I read an article and rewrote web/config/config.php as
<?php
$myEnvDir=__DIR__ . "/";
//echo "\$myEnvDir='" . $myEnvDir . "' ";
$dotenv = Dotenv\Dotenv::createImmutable($myEnvDir, '.env');
$dotenv->load();
$myHost=$_ENV['MYSQL_HOST'];
$myBase=$_ENV['MYSQL_DATABASE'];
$myUser=$_ENV['MYSQL_USER'];
$myPass=$_ENV['MYSQL_PASSWORD'];
// echo "\$myHost='" . $myHost . "' ";
// echo "\$myBase='" . $myBase . "' ";
// echo "\$myUser='" . $myUser . "' ";
// echo "\$myPass='" . $myPass . "' ";
require_once "internal_config.php";
/* Name of the website */
$config['website'] = "BeyondPaste";
/* MySQL DB Credentials */
$config['db']['host'] = $myHost;
$config['db']['name'] = $myBase;
$config['db']['username'] = $myUser;
$config['db']['password'] = $myPass;
also I added line
require __DIR__ . '/vendor/autoload.php';
into /index.php
and I executed
# composer require vlucas/phpdotenv
Do not run Composer as root/super user! See https://getcomposer.org/root for details
Continue as root/super user [yes]? yes
./composer.json has been created
Running composer update vlucas/phpdotenv
Loading composer repositories with package information
Updating dependencies
Lock file operations: 6 installs, 0 updates, 0 removals
- Locking graham-campbell/result-type (v1.1.1)

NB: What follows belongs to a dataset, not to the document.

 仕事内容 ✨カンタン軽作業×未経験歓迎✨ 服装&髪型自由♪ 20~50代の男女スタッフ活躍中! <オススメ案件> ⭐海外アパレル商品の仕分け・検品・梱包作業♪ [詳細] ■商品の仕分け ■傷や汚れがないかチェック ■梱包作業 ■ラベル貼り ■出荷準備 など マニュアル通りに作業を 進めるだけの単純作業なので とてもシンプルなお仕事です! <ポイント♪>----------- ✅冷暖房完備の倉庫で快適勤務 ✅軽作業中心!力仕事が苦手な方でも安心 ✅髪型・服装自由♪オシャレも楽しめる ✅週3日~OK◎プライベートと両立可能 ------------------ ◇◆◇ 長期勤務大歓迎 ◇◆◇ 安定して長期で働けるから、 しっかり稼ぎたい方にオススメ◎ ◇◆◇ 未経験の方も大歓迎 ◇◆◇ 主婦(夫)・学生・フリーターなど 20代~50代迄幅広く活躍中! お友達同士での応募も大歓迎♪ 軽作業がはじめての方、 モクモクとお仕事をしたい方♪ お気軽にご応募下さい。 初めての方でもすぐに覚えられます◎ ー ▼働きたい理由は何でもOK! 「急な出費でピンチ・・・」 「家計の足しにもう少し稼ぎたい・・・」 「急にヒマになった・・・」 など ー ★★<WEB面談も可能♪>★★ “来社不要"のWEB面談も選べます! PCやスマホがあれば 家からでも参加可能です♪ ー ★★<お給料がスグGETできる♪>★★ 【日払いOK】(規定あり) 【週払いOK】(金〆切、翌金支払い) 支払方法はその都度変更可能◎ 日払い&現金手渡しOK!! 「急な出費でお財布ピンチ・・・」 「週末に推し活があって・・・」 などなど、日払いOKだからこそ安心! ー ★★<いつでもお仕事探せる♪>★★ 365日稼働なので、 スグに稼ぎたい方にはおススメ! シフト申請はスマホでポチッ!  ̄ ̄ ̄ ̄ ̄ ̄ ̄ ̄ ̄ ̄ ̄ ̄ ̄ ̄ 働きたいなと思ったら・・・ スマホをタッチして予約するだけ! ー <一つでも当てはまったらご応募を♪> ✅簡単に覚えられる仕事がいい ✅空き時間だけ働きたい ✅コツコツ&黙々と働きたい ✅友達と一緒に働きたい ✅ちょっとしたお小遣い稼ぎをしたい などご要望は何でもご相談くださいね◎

- Locking phpoption/phpoption (1.9.1)
- Locking symfony/polyfill-ctype (v1.28.0)
- Locking symfony/polyfill-mbstring (v1.28.0)
- Locking symfony/polyfill-php80 (v1.28.0)

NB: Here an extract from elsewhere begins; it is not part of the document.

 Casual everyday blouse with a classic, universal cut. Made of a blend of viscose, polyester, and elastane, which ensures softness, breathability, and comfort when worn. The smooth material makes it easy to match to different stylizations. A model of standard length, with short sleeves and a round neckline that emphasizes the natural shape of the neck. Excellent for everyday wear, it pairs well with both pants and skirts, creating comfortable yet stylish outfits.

- Locking vlucas/phpdotenv (v5.5.0)
Writing lock file
Installing dependencies from lock file (including require-dev)
Package operations: 6 installs, 0 updates, 0 removals
- Installing symfony/polyfill-php80 (v1.28.0): Extracting archive
- Installing symfony/polyfill-mbstring (v1.28.0): Extracting archive
- Installing symfony/polyfill-ctype (v1.28.0): Extracting archive
- Installing phpoption/phpoption (1.9.1): Extracting archive
- Installing graham-campbell/result-type (v1.1.1): Extracting archive
- Installing vlucas/phpdotenv (v5.5.0): Extracting archive
Generating autoload files
6 packages you are using are looking for funding.
Use the `composer fund` command to find out more!
No security vulnerability advisories found.
Using version ^5.5 for vlucas/phpdotenv
sample config doesn't contain variable "MYSQL_HOST", but php file tries to read it.
After replacing that line connection was successfull, but I didn't understood why getenv()
didn't worked (I replaced it to $_ENV[...]
as you can see).
UPD: getenv doesn't work by design - https://github.com/vlucas/phpdotenv/issues/349
getenv doesn't work by design - https://github.com/vlucas/phpdotenv/issues/349
To note the .env
file was never intended to be anywhere near the document root of your application as this might become a security risk. In the current implementation it is only used by docker compose
to be used as environment variable, which $_ENV
or getenv()
should pick up.
sample config doesn't contain variable "MYSQL_HOST", but php file tries to read it.
It is supplied through docker-compose.yml.
I removed everything and redeployed from scratch with the following config fragment:
<Directory "/var/www/localhost/htdocs">
Options Indexes FollowSymLinks
DirectoryIndex index.php
AddType application/x-httpd-php .php
AddType application/x-httpd-php-source .phps
AddHandler php5-script .php
AllowOverride All
RewriteEngine On
RewriteRule ^(\w+)/raw$ /index.php?page=raw&pid=$1 [L]
RewriteRule ^(\w+)$ /index.php?page=view&pid=$1 [L]
SetEnv MYSQL_HOST "localhost"
SetEnv MYSQL_DATABASE "beyondpaste"
SetEnv MYSQL_USER "user"
SetEnv MYSQL_PASSWORD "password"
Require all granted
</Directory>
Looks working from the first sight.
Yes, Apache is old, but php is not a java-level backend technology too.